What is being asked —
Would you transcribe the listing exactly as it stands, minus any images?

Data segment —

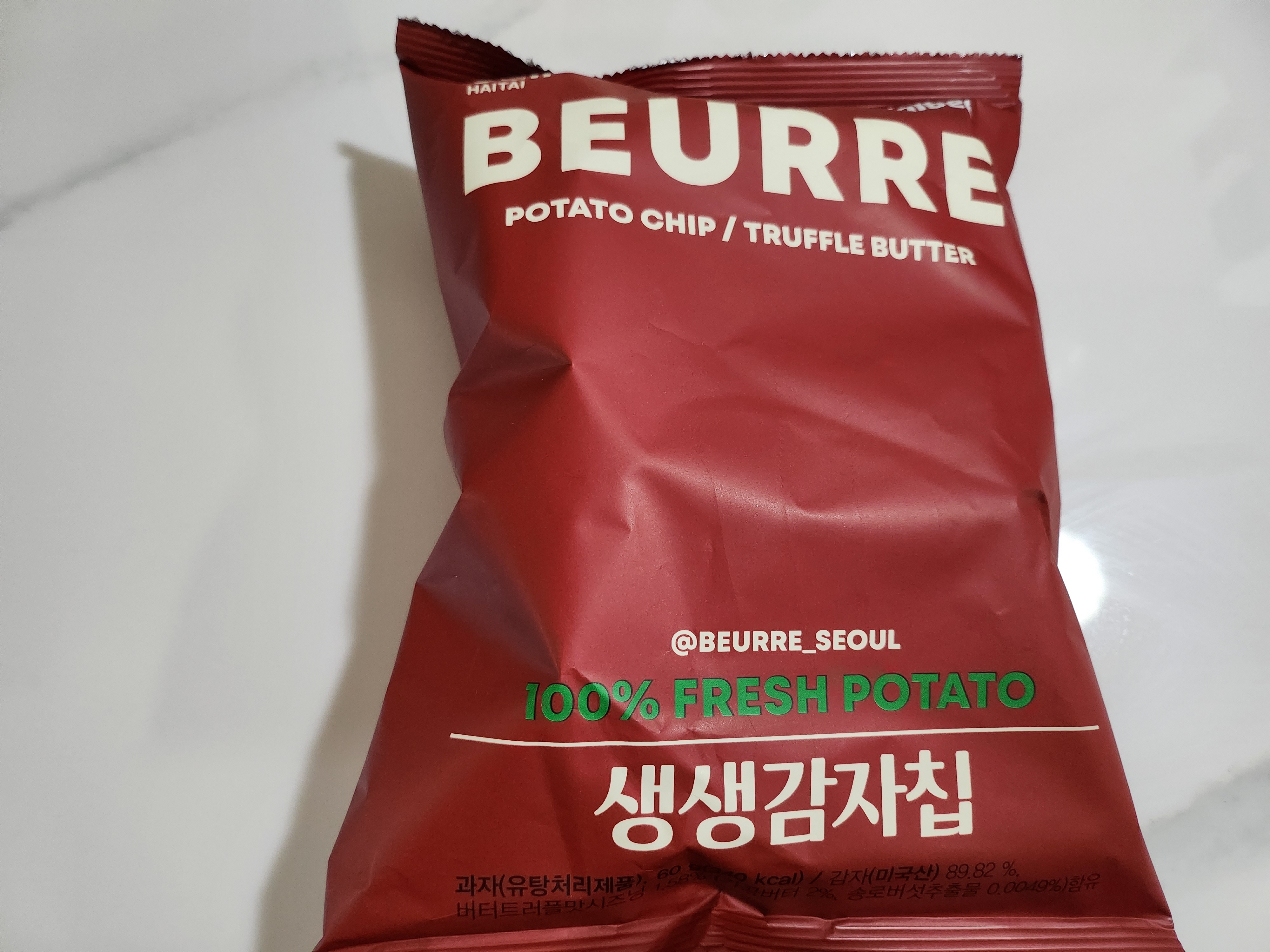버터맥주로 유명한 블랑제리뵈르에서 해태와 콜라보로 트러플버터 생생감자칩을 출시했습니다.
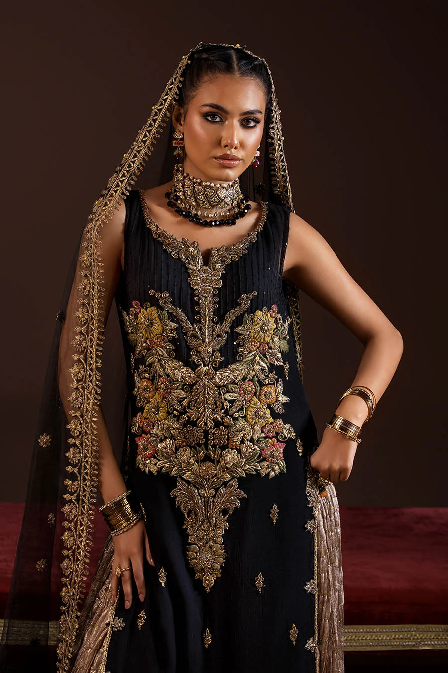 - Shirt: Crinkle Chiffon (kora, dabka, zardozi 3d work)
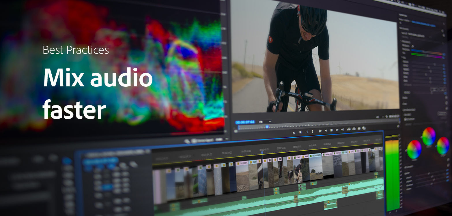 The Essential Sound panel in Premiere Pro greatly simplifies and accelerates audio mixing. Changes can be applied to multiple clips in a single step. In our tests we found that, compared with manual audio mixing, the Essential Sound tools you can give you professional results as much as 20x faster. Even better, adjustments adhere to broadcast delivery levels, so you can count on producing a mix that is not flagged or rejected during QC.
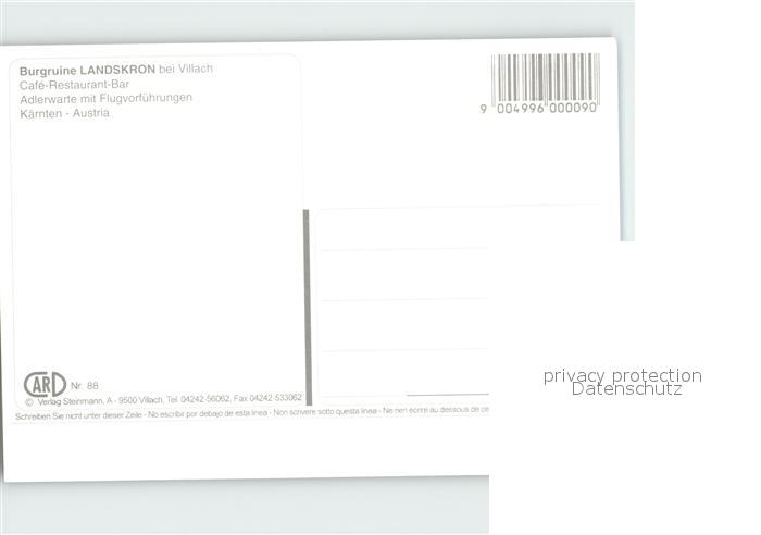 72134612 Villach Kaernten Burgruine Landskron Adlerwarte postalisch nicht gelaufen Erhaltung siehe scans KatCode: 11390211020201

Output of the task —
버터맥주로 유명한 블랑제리뵈르에서 해태와 콜라보로 트러플버터 생생감자칩을 출시했습니다.
 - Shirt: Crinkle Chiffon (kora, dabka, zardozi 3d work)
 The Essential Sound panel in Premiere Pro greatly simplifies and accelerates audio mixing. Changes can be applied to multiple clips in a single step. In our tests we found that, compared with manual audio mixing, the Essential Sound tools you can give you professional results as much as 20x faster. Even better, adjustments adhere to broadcast delivery levels, so you can count on producing a mix that is not flagged or rejected during QC.
 72134612 Villach Kaernten Burgruine Landskron Adlerwarte postalisch nicht gelaufen Erhaltung siehe scans KatCode: 11390211020201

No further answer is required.